1. 2001: A Space Odessey

It offers both hope and warning about how a future

could or might be.

2. Paths of Glory

Private Ryan without the gore.

3. Amadeus

My favorite film because it has everything.

4. Some Like It Hot

Second funniest film and best punchline at the end.

"Nobody is perfect."

5. Dr. Strangelove or:How I Learned To

Stop Worrying and Love the Bomb

Required viewing for presidents, prime ministers,

dictators and anyone else contemplating Mass Destruction.

Peter Sellers nominated for best actor for three characters, only the British officer was close to being a lead role, his protrayals of President Merkin Muffley and Dr. Strangelove could easily have won for supporting actor.

have been supporting actor nominees

"A Classic Film You Haven't Seen"

Letter From an Unknown Woman

It's considered a quintessential "woman's picture".

"A Film You Recently Revisited With Disappointment"

The two scariest films I've seen were 'The Exorcist"

and "A Nightmare on Elm Street", neither could do it

twice.
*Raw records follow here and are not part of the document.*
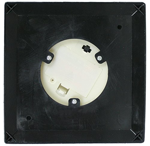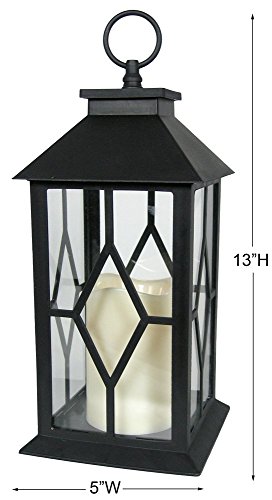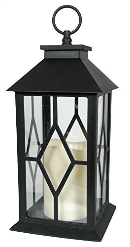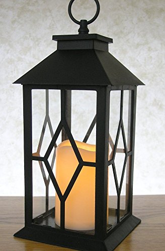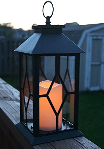 LANTERN. Beautiful black plastic lantern with glass panels already assembled. Warm white flickering flameless candle included. ON/OFF switch and timer function included on the LED candle. Weatherproof lantern makes this the perfect accent outside on a patio, deck, in a garden, line a pathway, up and down a stairway, hanging from a tree, on a tabletop, in a bookcase, on top of kitchen cabinets or on a front porch entry way.
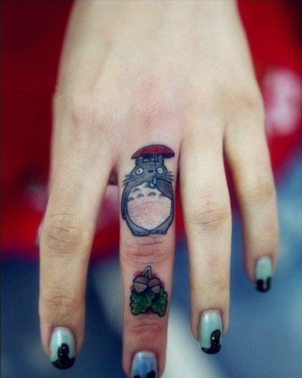 手指卡通龙猫纹身图案
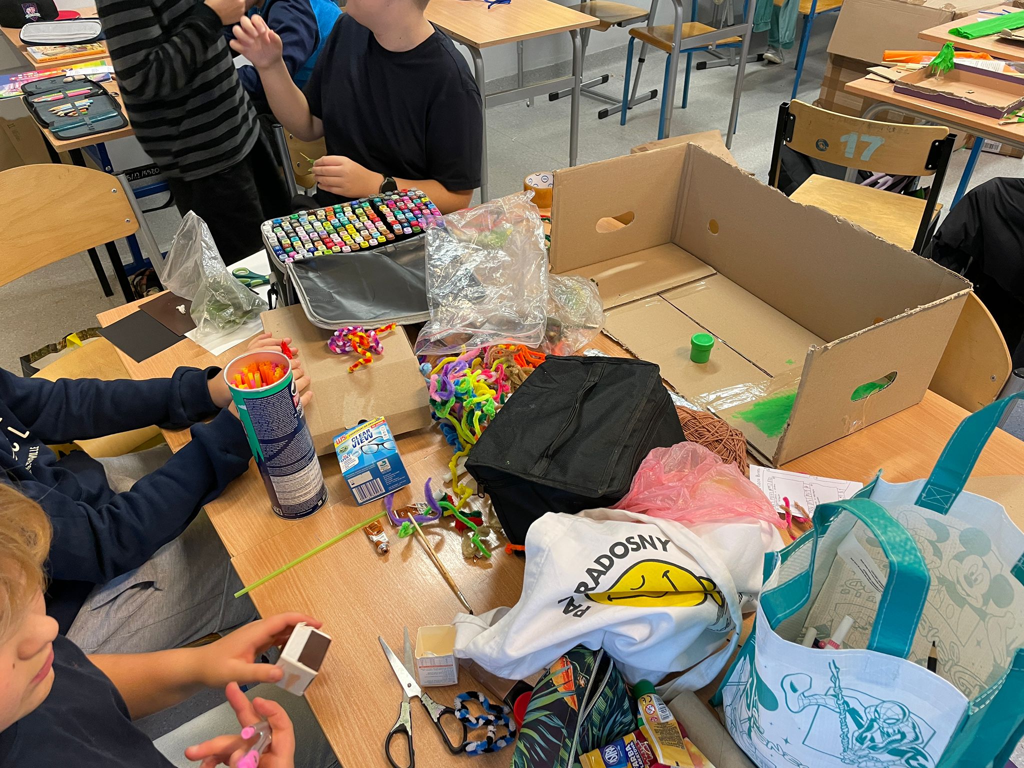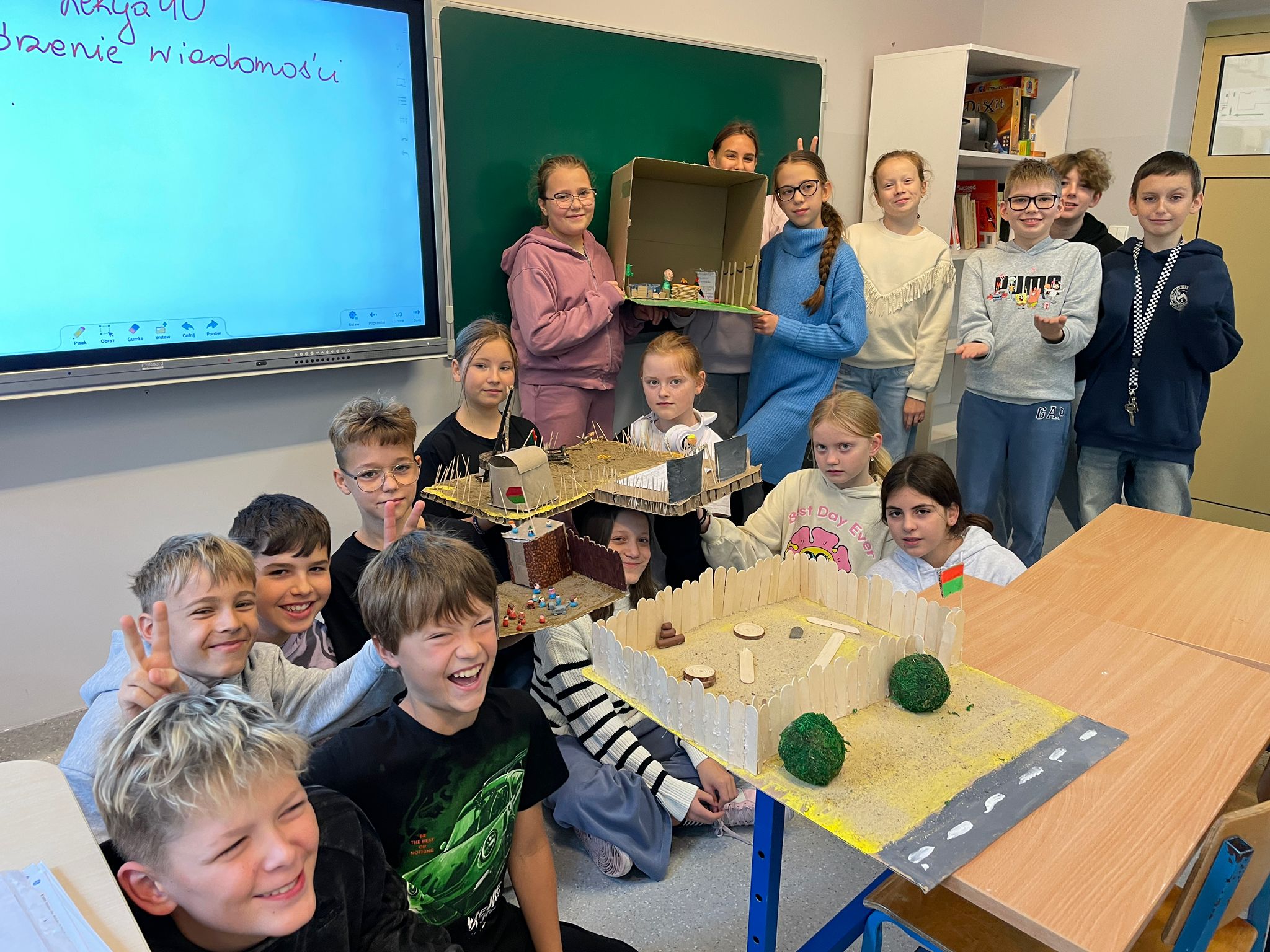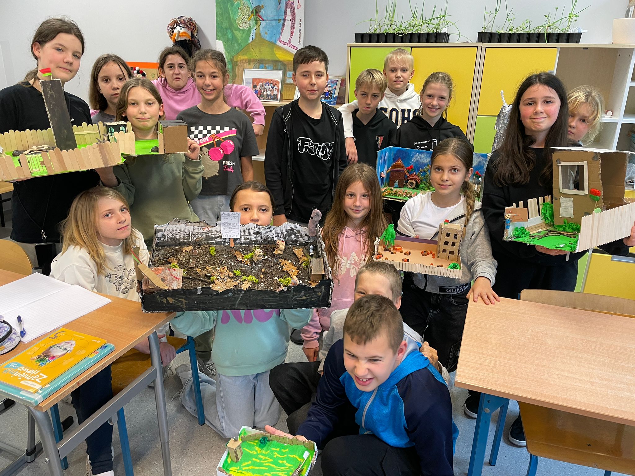" Chłopcy z Placu Broni" Ferenca Molnara to jedna z książek, która od lat zajmuje stałe miejsce na leście lektur obowiązkowych. Zadaniem uczniów było wykonanie makiety prezentującej Plac Broni. Piątoklasiści stworzyli świetne prace stanowiące wierne odwzorowanie tego miejsca. Każda makieta zawierała m. in.: sągi drewna, tartak,budkę, w której mieszkał Słowak pilnujący placu, flagę czy okoliczne kamienice. Nie zabrakło przedstawicieli czerwonych koszul czy obrońców Placu Broni. Na koniec uczniowie napisali ogłoszenie o zbiórce bohaterów książki Molnara. Do wykonania makiet piątoklasistom posłużyły m. in.:kamienie, gałązki, piasek, ziemia, patyczki po lodach, kwkałki drewna, plastelina czy pudełka

Actually 'Nightmare' was more eerie than scary.

Another eerie film revisted recently with disappointment

was "Bug". These movies rely so much on shock and surprise,

that second viewings must find some other quality to avoid

being a let down. One element lacking from some horror films is a sense of humor that might save them for repeated

viewing pleasure. "Frankenstein" is the alltime classic for me that survived several enjoying views.

"A Film You Hope Parents Will Show Kids"

To KIll a Mockingbird

Especially for kids that don't grow up in samll towns and rural areas.